### REQUIREMENT
Pictures aside, reproduce exactly and only the lines below, starting at the one containing "Сегодня отдыхала в" and ending at the last line.

### DATA
----------
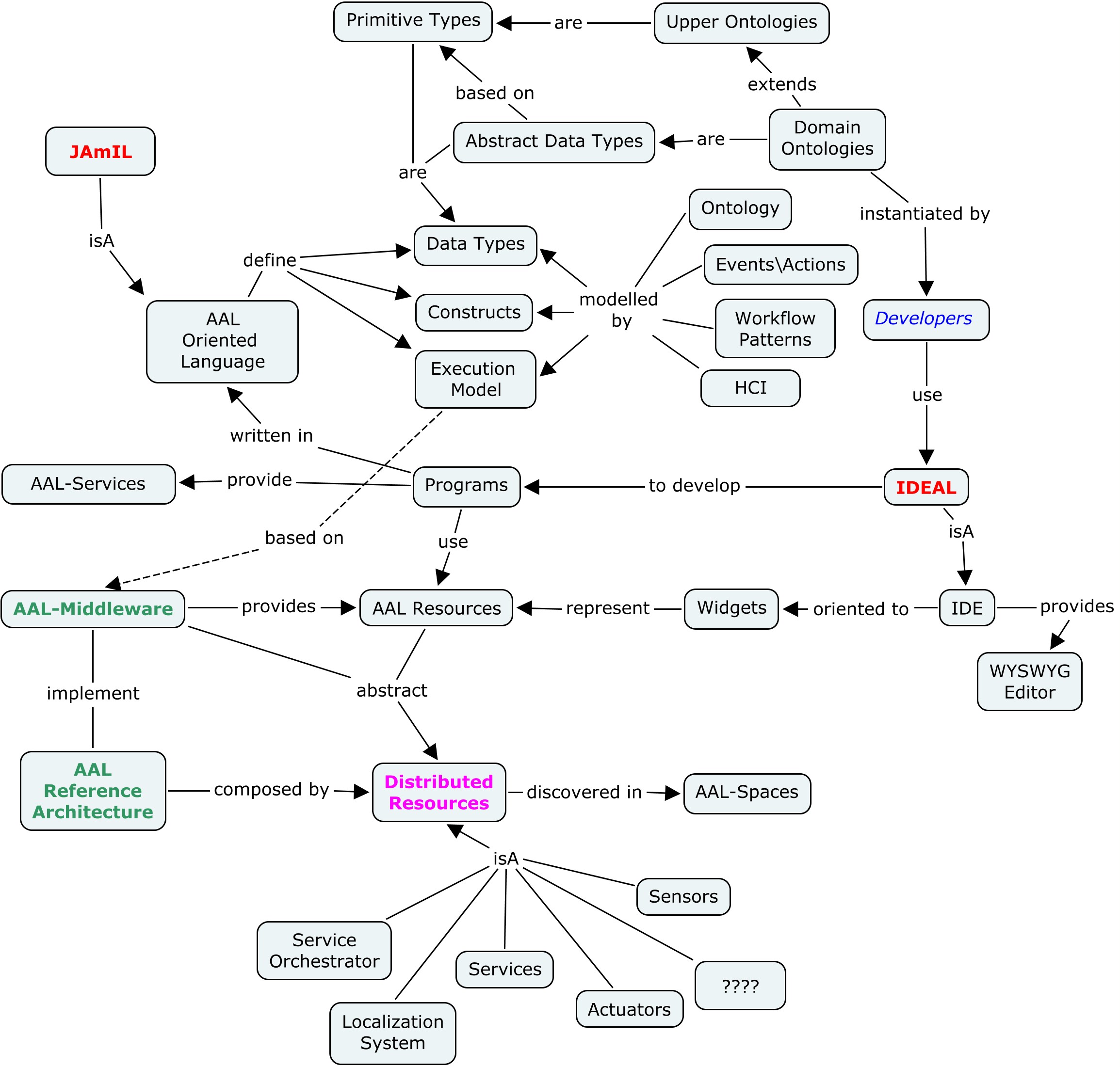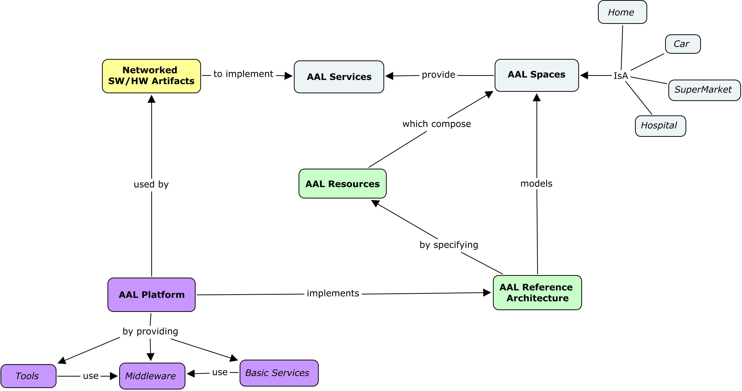 The vision, introduced by the Manifesto, moves from the idea that the increased communication capabilities should be easily used by programmers that want to write added value services. For example, a nutritional advisor program doesn’t mind if the weight of the assisted person is provided by a Wii fit console or by an enabled Continua scales, as today programs don’t care of knowing whether the video/sound cards are Creative, NVIDIA or others. These devices are connected to the main board buses and abstracted by the Operating System. The middleware running on each networked device should enable similar connections, by providing virtual buses abstraction. The binding to the resources, addressed by programs, are then resolved at run time, by using the middleware capabilities. Therefore, how our vision is related to the paradigm shift explained above? We are proposing an holistic view of the networked devices: Many as One. A zooming out of a fractal structure, starting from a system on a chip (SoC) and ending to a system on air (SoA). We are interested to aggregate the systems that are locally interconnected, and to consider them as a single unit as a new System. The Home PC will be the set of computational systems interconnected at home. The developer will develop the program as usual, and an installer will deploy the program on the PC. It doesn't mind how many resources are involved, the middleware will check and guarantee the adaptation of the program to the resources available in the environment. A concise description of what AALOA wishes to realize is represented by few conceptual maps:
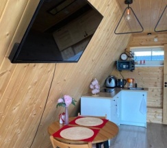 Сегодня отдыхала в этом прекрасном месте. Здесь есть всë для комфортного отдыха (даже можно заказать еду и покурить кальян). Очень тепло и комфортно, минусов совсем не увидела. В домике очень чисто и приятно находиться. На улице есть кролики и батут и это прекрасное дополнение. Есть телевизор с приложениями онлайн кинотеатра и колонка. Я выиграла аренду домика на сутки, все условия были выполнены компанией, а это хороший показатель. Мне безумно понравилось, отдохнули от всей души!!! Обязательно приедем ещë и всем советую.
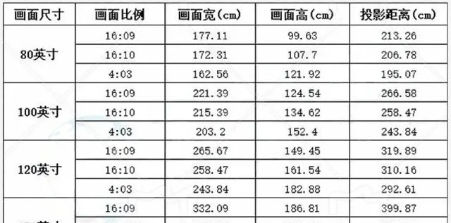 又或者,當你可放置投影機的桌子距離墻面的距離有355cm,那麽買一個投射比1.2:1、機身深度28cm的投影機,預留間距8cm,那麽投影機能投射出來的最大畫面寬度=(355--28-8)/1.2=265.8cm,對應為120吋。
----------
### SOLUTION FOR THIS PROBLEM
 Сегодня отдыхала в этом прекрасном месте. Здесь есть всë для комфортного отдыха (даже можно заказать еду и покурить кальян). Очень тепло и комфортно, минусов совсем не увидела. В домике очень чисто и приятно находиться. На улице есть кролики и батут и это прекрасное дополнение. Есть телевизор с приложениями онлайн кинотеатра и колонка. Я выиграла аренду домика на сутки, все условия были выполнены компанией, а это хороший показатель. Мне безумно понравилось, отдохнули от всей души!!! Обязательно приедем ещë и всем советую.
 又或者,當你可放置投影機的桌子距離墻面的距離有355cm,那麽買一個投射比1.2:1、機身深度28cm的投影機,預留間距8cm,那麽投影機能投射出來的最大畫面寬度=(355--28-8)/1.2=265.8cm,對應為120吋。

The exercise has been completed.